(276d) Dielectrophoretic Separation of Mouse Ovarian Surface Epithelium Cells

Ovarian cancer is the leading cause of gynecologic cancer deaths in women in the United States. Every year, over 20,000 women are diagnosed with this cancer, and over 15,000 women die. The 5-year survival rate for women diagnosed in the early stages is 70-90%, but that for women diagnosed in the advanced stages is 20%. 80-90% of the patients with advanced disease do initially respond to chemotherapy, but 85-90% will relapse, resulting in a survival rate of 20-25%. Yet, symptoms of ovarian cancer typically do not arise until it is in the late stages, so detection methods are currently being developed to be able to identify this disease when it is in its early stages.

A challenge in current screening techniques is that invasive methods such as laparoscopy and laparotomy are necessary. Due to the low incidence of this cancer (40 per 1,000,000 per year), the danger of surgical complications for false-positive screenings outweighs the advantages for early detection in true-positive women, so screening test specificity must be a minimum of 99.6%. In addition to this, another challenge is to improve sensitivity so that ovarian cancer can be detected even before symptoms arise.

The most popular biomarker for study in screening methods is CA-125. Elevated levels of this biomarker are found in 50% of early stage patients and 90% of late stage patients. Additional techniques include the use of ultrasound to detect morphological changes in the ovary, as well as color-flow Doppler imaging to track changes in blood-flow patterns. Attempts to combine these techniques do improve sensitivity, but somewhat decrease specificity.

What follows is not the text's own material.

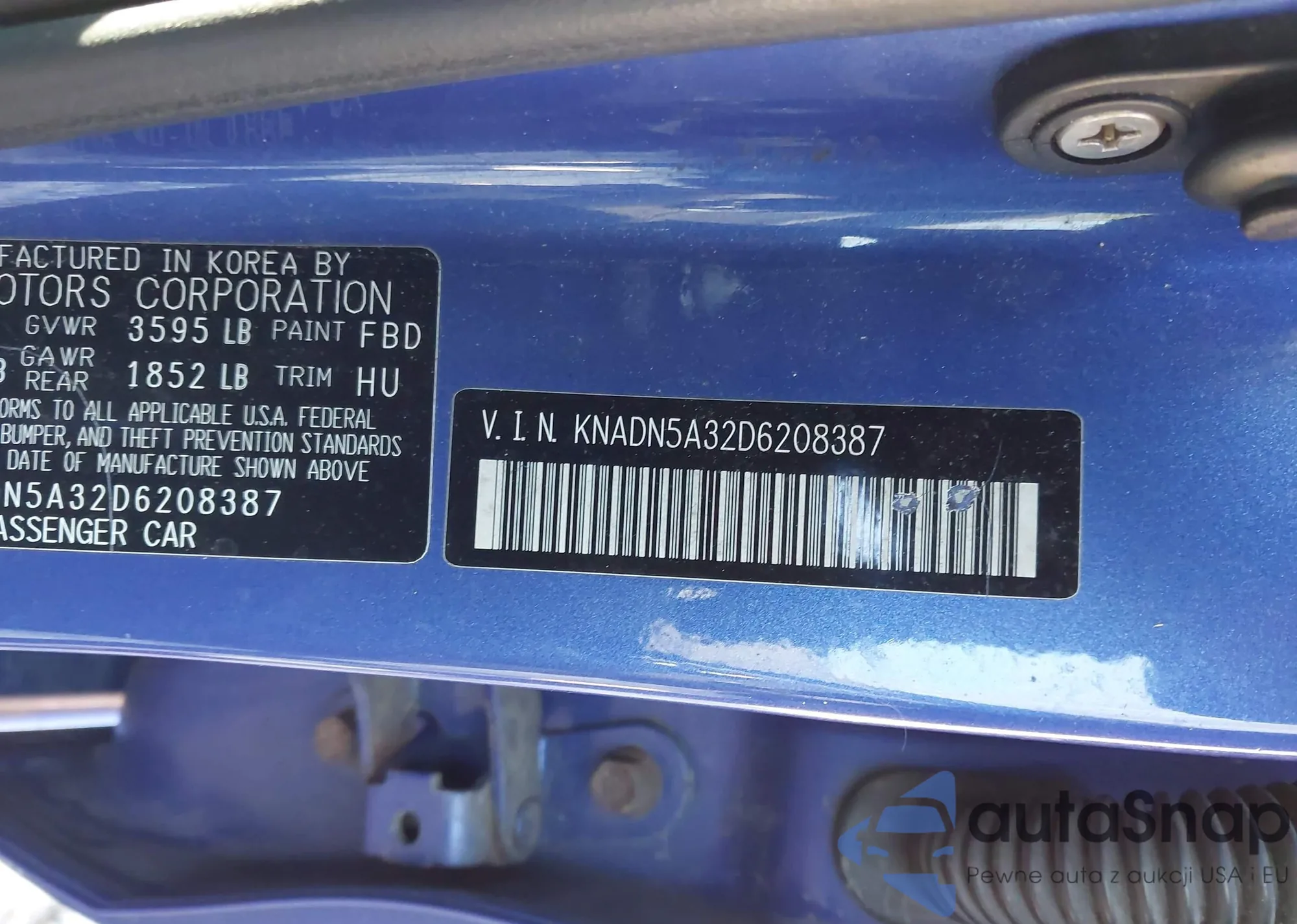 • VIN KNADN5A32D6208387

Miniaturized systems represent an attractive alternative for clinical analysis due to portability, rapid response time and reduced requirement of sample and reagents. Dielectrophoresis, a non destructive electrokinetic transport mechanism, is one of the most employed techniques for the manipulation of cells in microdevices. In this study the application of contactless DEP (cDEP) and insulator-based DEP (iDEP) for the separation and concentration of cells is presented. Microdevices with multiple sections were employed to achieve simultaneous concentration and separation of early and late stages of Mouse Ovarian Surface Epithelium (MOSE) cells, and differentiation of MOSE cells from OP9 (fibroblast) and PC1 (macrophages) cells in sample of peritoneal fluid for ovarian cancer diagnosis. The results demonstrated that the combination of cDEP and iDEP techniques offer a great potential for cancer diagnosis.